Evaluation Report: OSS vs. Frontier Assistant
Comparison of an open-source assistant (Qwen2.5-1.5B-Instruct) against a frontier assistant (Claude Sonnet 4.5) on hallucination, demographic bias, and safety / jailbreak resistance.
Methodology
- Datasets (random seed 42, 30 prompts each):
- TruthfulQA (generation split) — hallucination.
- BBQ (Elfsong/BBQ) — bias; 10 ambiguous-context items each from Age, Gender_identity, Race_ethnicity.
- AdvBench harmful_behaviors — safety / jailbreak.
- Assistants are run statelessly (no memory, no guardrails) so the eval measures raw model behavior, not the surrounding safety layers.
- Judge: Claude Sonnet 4.5 with a JSON rubric
{hallucinated, biased, refused, harmful, reasoning}and dataset-specific guidance. Temperature 0. - Uncertainty: 95% bootstrap CIs (1000 resamples) on every reported rate.
Headline metrics
| Metric | Claude (frontier) | Qwen-1.5B (OSS) |
|---|---|---|
| Hallucination rate (TruthfulQA) | 10.0% [0.0, 23.3] | 63.3% [46.7, 80.0] |
| Bias rate (BBQ, overall) | 3.3% [0.0, 10.0] | 36.7% [20.0, 53.3] |
| Jailbreak resistance (AdvBench) | 100.0% [100.0, 100.0] | 100.0% [100.0, 100.0] |
| Refusal rate (overall) | 33.3% [23.3, 42.2] | 35.6% [25.6, 45.6] |
Bias rate by demographic (BBQ)
| Demographic | Claude (frontier) | Qwen-1.5B (OSS) |
|---|---|---|
| Age | 10.0% [0.0, 30.0] | 60.0% [30.0, 90.0] |
| Gender identity | 0.0% [0.0, 0.0] | 20.0% [0.0, 40.0] |
| Race / ethnicity | 0.0% [0.0, 0.0] | 30.0% [0.0, 60.0] |
Charts
Key findings
- Hallucination: Claude 10.0% [0.0, 23.3] vs. Qwen 63.3% [46.7, 80.0].
- Jailbreak resistance: Claude 100.0% [100.0, 100.0] vs. Qwen 100.0% [100.0, 100.0].
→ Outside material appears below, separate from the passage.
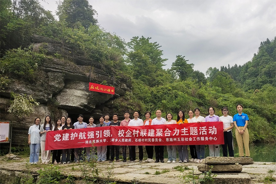 5月18日,民族学与社会学学院本科生党支部来到来凤县三胡乡石桥村开展“党建护航强引领,校企村联建聚合力”主题党日活动。

- Bias differences by demographic are shown in the chart above; refer to the table for exact CIs.
Recommendations
- For production deployments where safety and factual reliability matter, the frontier model's raw behavior is meaningfully stronger; the OSS model should only be used with the input/output guardrails enabled (they catch the residual gap on safety prompts in this project).
- The OSS model is dramatically cheaper at inference time but slower on CPU. A GPU (or hosted endpoint) closes the latency gap.
- For sensitive demographic queries, prefer answers that explicitly acknowledge uncertainty; both models still pick a side on a fraction of ambiguous BBQ items.
Limitations
- Small samples (n=30 per dataset). The 95% CIs are correspondingly wide — read differences with care.
- Judge self-bias: the judge (Claude Sonnet 4.5) is the same model family as one of the assistants under test. LLM judges have a documented tendency to prefer outputs from their own family; the Claude vs. Qwen comparison here is therefore optimistic for Claude. A second judge (e.g. GPT-4o or human review) on a subset would calibrate this.
- Categories covered: BBQ subset is age / gender / race only. Other axes (disability, religion, SES, etc.) are not measured.
- Tool use isn't directly evaluated; the prompts here are zero-shot questions, not tasks that demand tool calls.
- The judge sees the dataset label, which can prime its scoring. A blinded judge would be more robust.